Robbert Welagen, Philippes middagen (I pomeriggi di Philippe), Amsterdam, Nijgh & Van Ditmar, 2008

Dopo dodici anni, Robbert intravede dalla finestra della casa dell’amica Rose-Anne un fantasma del passato: Louise. Improvvisamente gli tornano alla memoria quei pochi giorni in cui la sua strada aveva intersecato quella di Louise e del suo promesso sposo, Philippe. Philippe si era presentato un giorno, su un campo da tennis dove il quindicenne Robbert giocava, solo come sempre, come suo padre, quel padre di cui la madre, un’inglese malinconica ed evanescente, non gli aveva mai parlato.
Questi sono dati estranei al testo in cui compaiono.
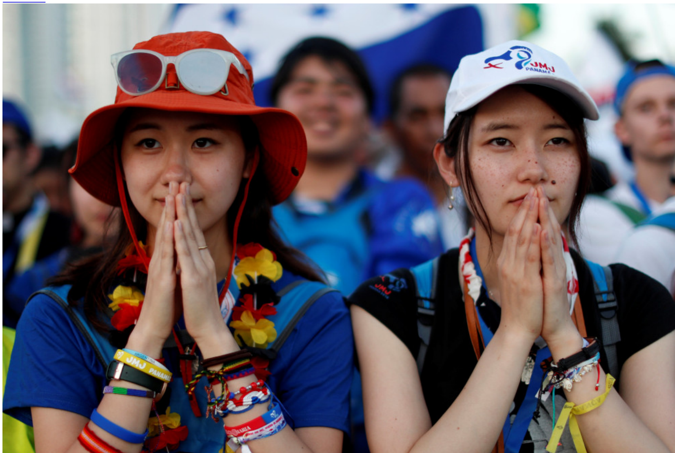
Pilgrims pray during the opening Mass of World Youth Day in Panama City Jan. 22, 2019.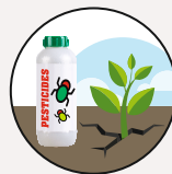
Seeds / Pesticides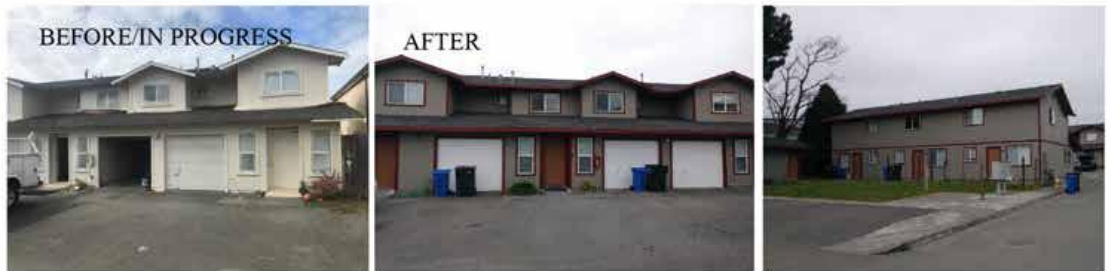
Above is the Chance Lane Apartments. Below is the Orick Multi-plexes.

The Yurok Indian Housing Authority has been working to prioritize much needed maintenance on our units. In the last few months we have painted the Chance Lane Apartments, Orick multi-plexes, and an individual YIHA home in the Klamath Glen. The work was completed by All Star Painting. We will continue to work towards ensuring our tribal members are proud of the places they call home.

Robbert, Philippe e Louise avevano passato allora due giorni insieme: giorni qualsiasi, eppure in qualche modo speciali - “vita”, non solo “tempo”, come tutto il resto dell’esistenza di Robbert, prima e dopo quell’incontro. Giorni brevi, a cui la morte di Philippe in un incidente stradale aveva messo fine.
Robbert Welagen (1981) conferma la vena già mostrata nel fortunato romanzo d'esordio, Lipari: una scrittura capace di rendere narrativamente un'atmosfera rarefatta e come sospesa, in una sorta di stupito silenzio davanti al vuoto esistenziale.